E-file is a system for submitting tax documents to the US Internal Revenue Service through the Internet or direct connection, usually without the need to submit any paper documents. Tax preparation software with e-filing capabilities includes stand-alone programs or websites. Tax professionals use tax preparation software from major software vendors for commercial use.

Of the 139.3 million US returns filed in 2007, 79.98 million (or about 57.4 percent) were filed electronically. In 2010, a total of 129.3 million US returns were filed, and 93.4 million were filed electronically: in three years the percentage of returns filed electronically increased to 72.3 percent of total returns. In 2018, 89% of tax returns were filed electronically.

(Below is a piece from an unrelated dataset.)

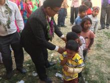 विद्यार्थि भर्ना अभियाना कार्यक्रममा नगर प्रमुख लोकमान बुढाथोकी विद्यार्थी भाइ बहिनिहरुलाई स्वागत गर्दै (२०७५ वैशाख ६)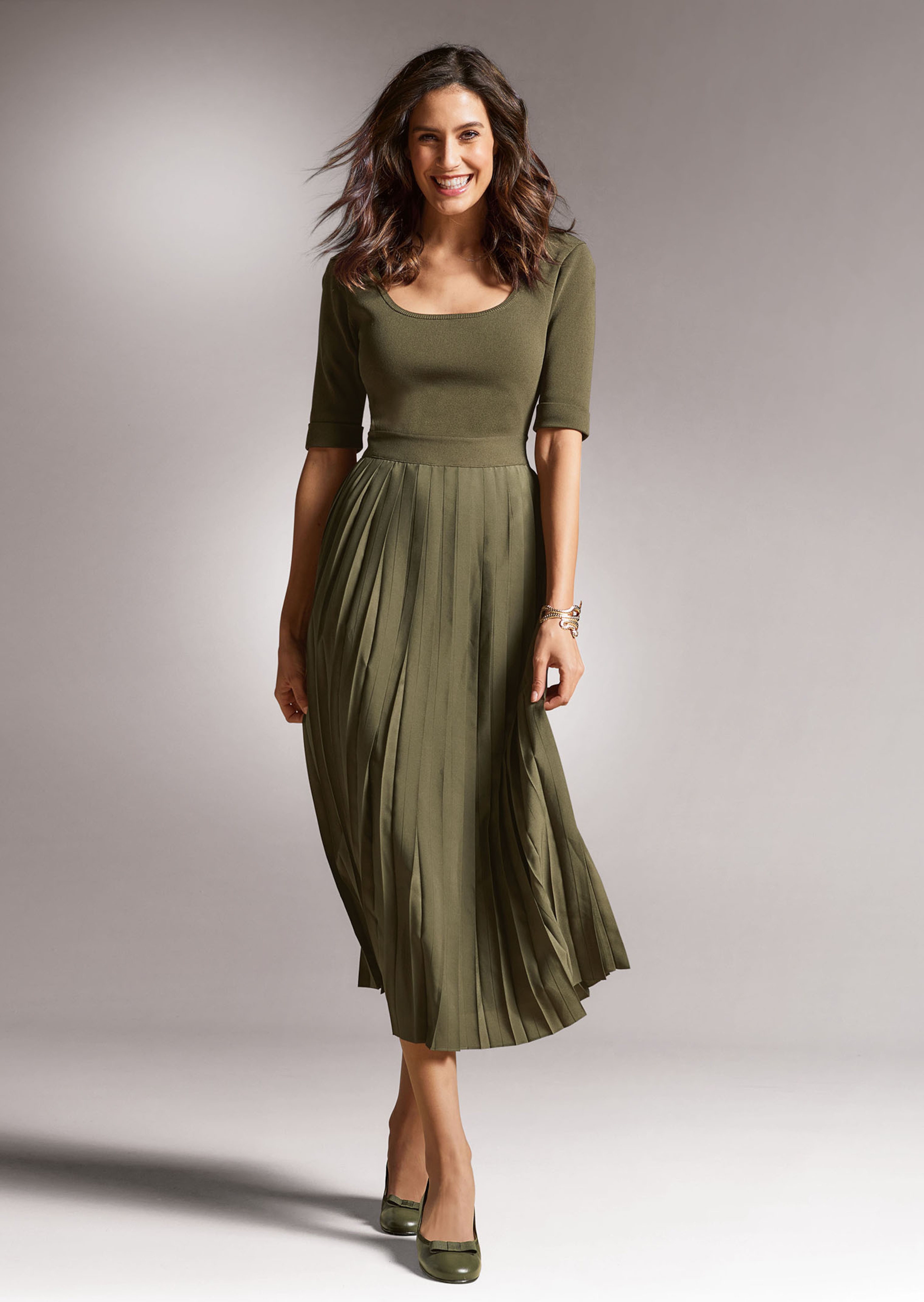 Silhouette féminine avec maille lisse en haut et jupe plissée. Profonde encolure arrondie. Manches courtes avec revers. Zip dans la couture sur le côté.

Taxpayers can e-file free using the IRS Free File service, either using an authorized IRS e-file provider's tax software, if eligible, or by using online Free File Fillable Forms from the Free File Alliance. Prior to 2020, the use of a third party was required for IRS e-file, and it was not possible to e-file directly through the IRS website. In 2020, the IRS made direct e-filing possible through IRS Free File Fillable Forms available to taxpayers of any income level.

History
The IRS started electronic filing in 1986 to lower operating costs and paper usage. Since then, additional features have been added. In 1987 Electronic Direct Deposit was added as a form of payment. Milestones have been set and broken throughout the years. In 1990 4.2 million returns were reached and in recent years a record of 1 billion 1040's have been E-filed. E-filing originally used the processing system developed in 1969 by the IRS but, since 2003, the IRS has been developing a new enhanced processing system called CADE.

Types of e-file providers
The IRS accepts electronic submission of a variety of tax forms through their IRS Authorized e-file Providers. The IRS offers e-filing to most forms ranging from 1040's to 2290's to 990's.

Individual returns
Individuals have the option of both free and paid tax software. Recently a feature from the IRS called FreeFile allows users to file their individual tax returns for free. It is also possible to go through an authorized efile company that files Form 1040 with a service charge. FreeFile is free, it's an easy step by step system for those who make less than $64,000 annually and a more task-heavy form of filing for those who make above $64,000. For those who make more than $64,000 a year, the FreeFile is not step-by-step but an actual Form 1040 that can be filled out, box by box, electronically.

Business returns
Businesses and self-employed taxpayers can choose from a variety of commercial e-file services depending on their individual needs. Some of the forms that fall under business returns include Form 2290 (truck tax), Form 1099 (reporting payments to individuals other than employees). IRS has no set pricing for each form, so each filing company sets their own price accordingly. IRS has a list of authorized websites that do e-filing for some forms.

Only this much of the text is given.